- First appearance: "The Seinfeld Chronicles" (1989)
- Last appearance: "The Over-Cheer" (2014)
- Created by: Jerry Seinfeld Larry David
- Based on: Larry David
- Portrayed by: Jason Alexander

In-universe information
- Aliases: Art Vandelay Donald O'Brien Biff Bodysuit Man T-Bone Koko Gammy
- Gender: Male
- Occupation: Representative for Kruger Industrial Smoothing (season 9); Assistant to the Traveling Secretary for the New York Yankees (seasons 6–8); Screenwriter (season 4); Real estate agent at Rick Barr Properties (seasons 1–2);
- Family: Frank Costanza (father); Estelle Costanza (mother); Unnamed brother;
- Significant others: Susan Biddle Ross (fiancée, deceased)
- Relatives: Shelly (cousin) Rhisa (cousin)
- Religion: Catholic (by upbringing) Latvian Orthodox Church

= George Costanza =

Fictional character in the American television sitcom "Seinfeld"

George Louis Costanza is a fictional character in the American television sitcom Seinfeld (1989–1998), played by Jason Alexander. He is a short, stocky, balding man who struggles with numerous insecurities, often dooming his romantic relationships through his own fear of being dumped. He is also relatively lazy; during periods of unemployment he actively avoids getting a job, and while employed he often finds ingenious ways to conceal idleness from his bosses. He is friends with Jerry Seinfeld, Cosmo Kramer, and Elaine Benes. George and Jerry were junior high school friends (although in "The Betrayal", Season 9, Episode 8, George says the two have been friends since fourth grade) and remained friends afterward. George appears in every episode except "The Pen" (third season).

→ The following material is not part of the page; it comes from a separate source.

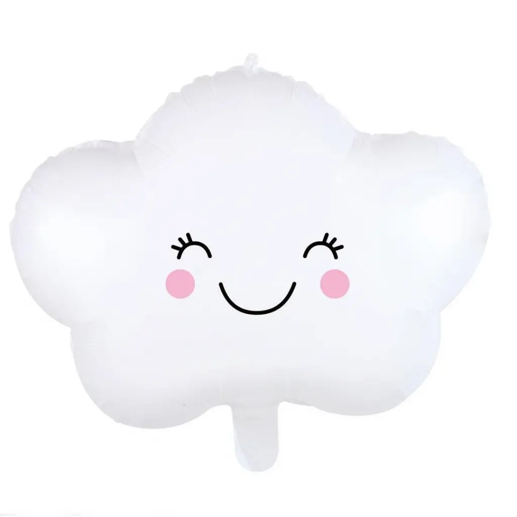 Bulut Şeklinde Beyaz Renk Gülen Yüz Folyo Helyum Balon Yeni Doğum Süslemesi

The character was based on Seinfeld co-creator Larry David but is surnamed after Jerry Seinfeld's real-life New York friend, Michael Costanza. Alexander reprised his role in an episode of Comedians in Cars Getting Coffee, reuniting with Jerry Seinfeld and Wayne Knight (also reprising their roles as Jerry and Newman, respectively).

==Early life and family==
George is a son of Frank and Estelle Costanza. George twice mentions that he has a brother. Lloyd Braun is a childhood nemesis who George feels was the son his parents always wanted. George's best friend Jerry Seinfeld described Frank and Estelle as "psychopaths", and said in "The Chinese Woman" that, if they had divorced when George was young, he "could have been normal".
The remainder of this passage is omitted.